Laugh my ass off. At horribly inopportune times. Remember why I love this art form, and more importantly these people, these performers, so darn much. The Secret Service guys around me are totally stoic...and I have melted into church giggles at the sight of a certain soprano falling on the ground time and again. Physical comedy? Goooood stuff!

Intermission: Sneak out of the house a smidge early. Head up to the stage to switch furniture and props around. I have a cheat sheet, and I'm following it religiously, as I've not been in enough rehearsal to make it intuitive. (Note to self: next time budget for a stage manager!) Head to the lip of the stage.
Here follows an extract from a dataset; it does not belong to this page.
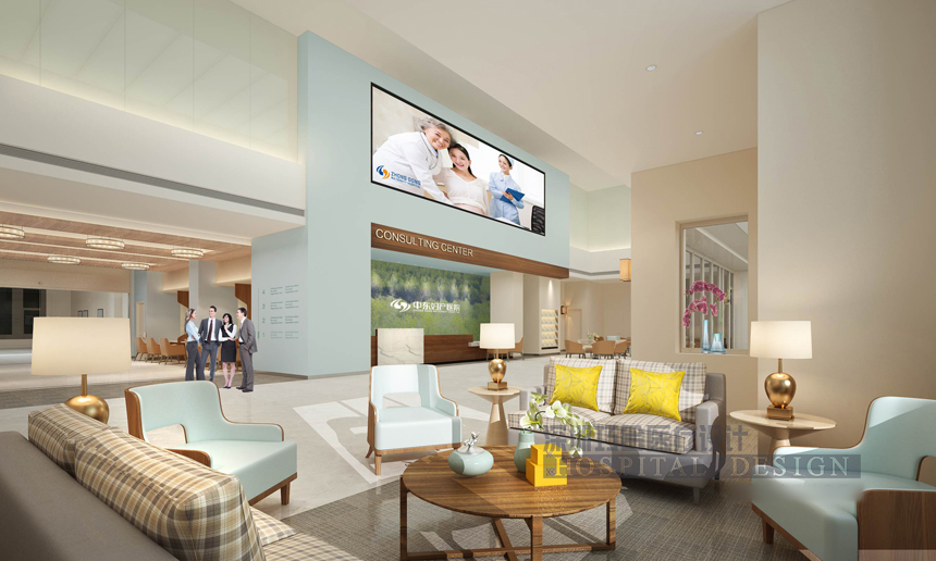 醫(yī)院復(fù)雜的平面功能形態(tài),常常導(dǎo)致采光空間零散的問題。所以,本案中的醫(yī)院門診空間設(shè)計,采用了柔和的空間色調(diào),來提高空間明度及強調(diào)溫馨感。
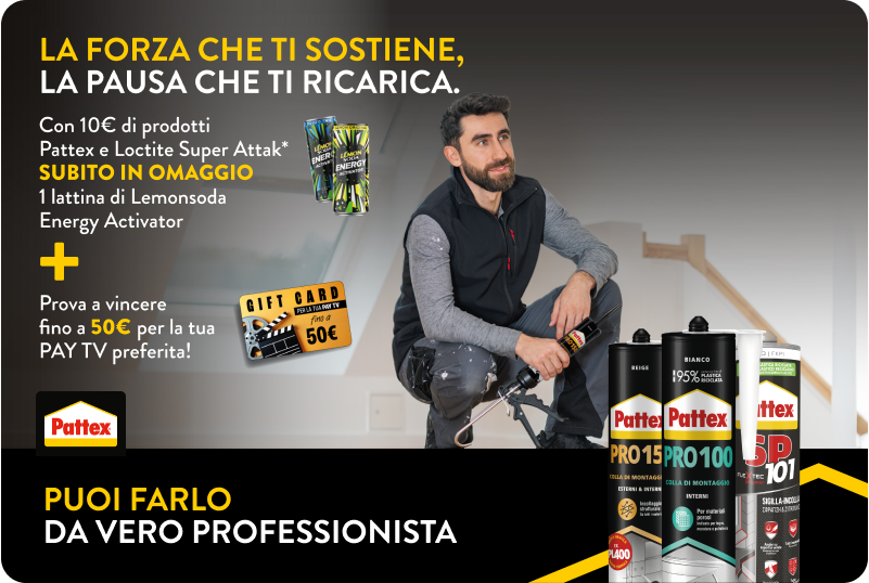 Acquista dal 1/07/2025 al 30/09/2025 almeno 10€ di prodotti della linea Pattex Pro, sigillanti PATTEX SP101 e Loctite Super Attak per partecipare all’estrazione finale di un Buono del valore massimo di 50€ per l’acquisto di ricariche o abbonamenti a piattaforme Pay Tv e streaming.

Write out some questions for the singers for the Q&A. Take the stairs (for the millionth time. In heels. Because I'm dumb like that.) to the basement to give the questions to the Boss Lady and chat up the singers. Head to the house for the actual Q&A, then excuse myself again and listen to the majority of the second half from a headset plugged into the recording engineer's stack. Sounds pretty freakin' awesome. Steal the Boss Lady's camera from her dressing room. Check in with the Secret Service dudes and librettist regarding a post performance photo op. Realize I have no idea how to work Boss Lady's camera. Applause. Head into the theater, corral the Justice and the Librettist, and snap three pictures. Hope against all hope that ONE of them worked. Head downstairs to return the camera. Head upstairs to collect props. Props and fabric go to the costume shop...spike tape gets pulled off the floor, ladders and chairs are moved. Checks are distributed. Ladders are lashed onto car roofs. Singers are herded to the basement to collect their things. CD copies of the performance go into my bag, as do passcards and other pieces of errant paperwork. The last singer grabs her things, I grab mine. We meet the librettist outside the building and walk with him to the parking lot. Everyone is going to dinner...except me. I'm hoping to take off those stinking, high-heeled boots that were SO COMFORTABLE at 9am this morning, pour myself a glass of wine, grab a slice of cheese or chocolate, and relax.

C'est tout. My five:
  1. Not having a performance today. My dogs are BARKING.
  2. Sleeping in...until 8:30am, my friends! Might be a recent record.
  3. Fuzzy blankets.
  4. Coffee with a cinnamon stick.
  5. Falling asleep late at night with a dog tucked into the crook of my knees and a cat tucked under my chin.


Anonymous said…
Did cute secret service guy find you at the end of the night to say thank you for all you did? I know he was looking for you.

LK (volunteer usher)
rahree said…
He did! They were nice guys, huh? When I asked him if he liked opera, he said "...With the Justice, I see a lot of opera." And that's all that he'd say. A diplomatic answer, huh? :)
chinger006 said…
I think it's quite alright if you never become a full grown-up...I like to think that the most awesome people in the world never completely grow up. :-)
rahree said…
amen, my friend!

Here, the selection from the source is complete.